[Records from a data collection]
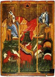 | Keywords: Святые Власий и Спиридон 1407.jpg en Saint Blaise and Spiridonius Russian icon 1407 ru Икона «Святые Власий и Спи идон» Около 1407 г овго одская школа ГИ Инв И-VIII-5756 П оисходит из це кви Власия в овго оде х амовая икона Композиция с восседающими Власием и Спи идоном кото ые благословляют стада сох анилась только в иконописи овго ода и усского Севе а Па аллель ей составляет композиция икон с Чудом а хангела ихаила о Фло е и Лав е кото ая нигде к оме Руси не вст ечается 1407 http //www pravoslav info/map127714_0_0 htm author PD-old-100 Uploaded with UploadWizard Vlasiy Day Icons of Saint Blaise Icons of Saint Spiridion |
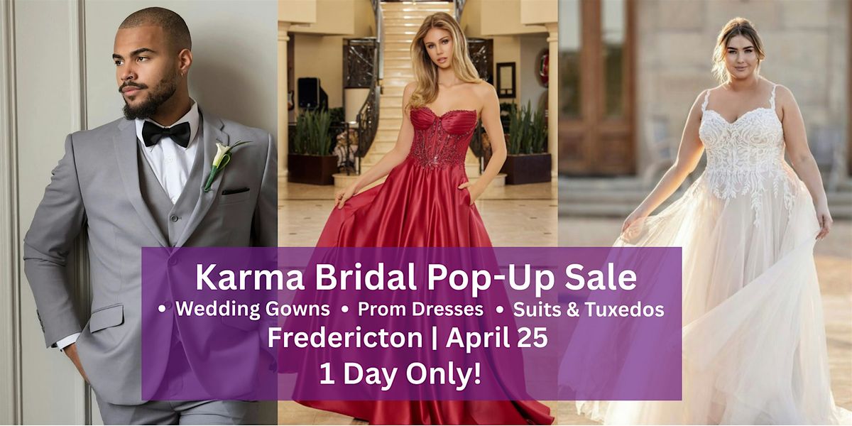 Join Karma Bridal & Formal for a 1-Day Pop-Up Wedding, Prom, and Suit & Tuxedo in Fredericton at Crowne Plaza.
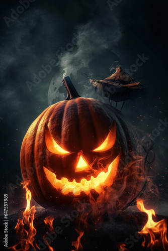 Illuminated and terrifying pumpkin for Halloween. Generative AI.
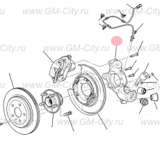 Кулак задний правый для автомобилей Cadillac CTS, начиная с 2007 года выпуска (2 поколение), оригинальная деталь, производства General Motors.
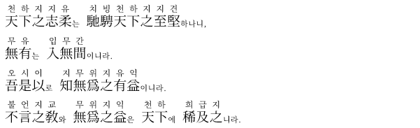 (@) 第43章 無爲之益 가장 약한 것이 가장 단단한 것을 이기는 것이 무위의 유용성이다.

(WORK TO COMPLETE): Exclude the pictures and transcribe all of the entries exactly.

(EXERCISE ANSWER):
 | Keywords: Святые Власий и Спиридон 1407.jpg en Saint Blaise and Spiridonius Russian icon 1407 ru Икона «Святые Власий и Спи идон» Около 1407 г овго одская школа ГИ Инв И-VIII-5756 П оисходит из це кви Власия в овго оде х амовая икона Композиция с восседающими Власием и Спи идоном кото ые благословляют стада сох анилась только в иконописи овго ода и усского Севе а Па аллель ей составляет композиция икон с Чудом а хангела ихаила о Фло е и Лав е кото ая нигде к оме Руси не вст ечается 1407 http //www pravoslav info/map127714_0_0 htm author PD-old-100 Uploaded with UploadWizard Vlasiy Day Icons of Saint Blaise Icons of Saint Spiridion |
 Join Karma Bridal & Formal for a 1-Day Pop-Up Wedding, Prom, and Suit & Tuxedo in Fredericton at Crowne Plaza.
 Illuminated and terrifying pumpkin for Halloween. Generative AI.
 Кулак задний правый для автомобилей Cadillac CTS, начиная с 2007 года выпуска (2 поколение), оригинальная деталь, производства General Motors.
 (@) 第43章 無爲之益 가장 약한 것이 가장 단단한 것을 이기는 것이 무위의 유용성이다.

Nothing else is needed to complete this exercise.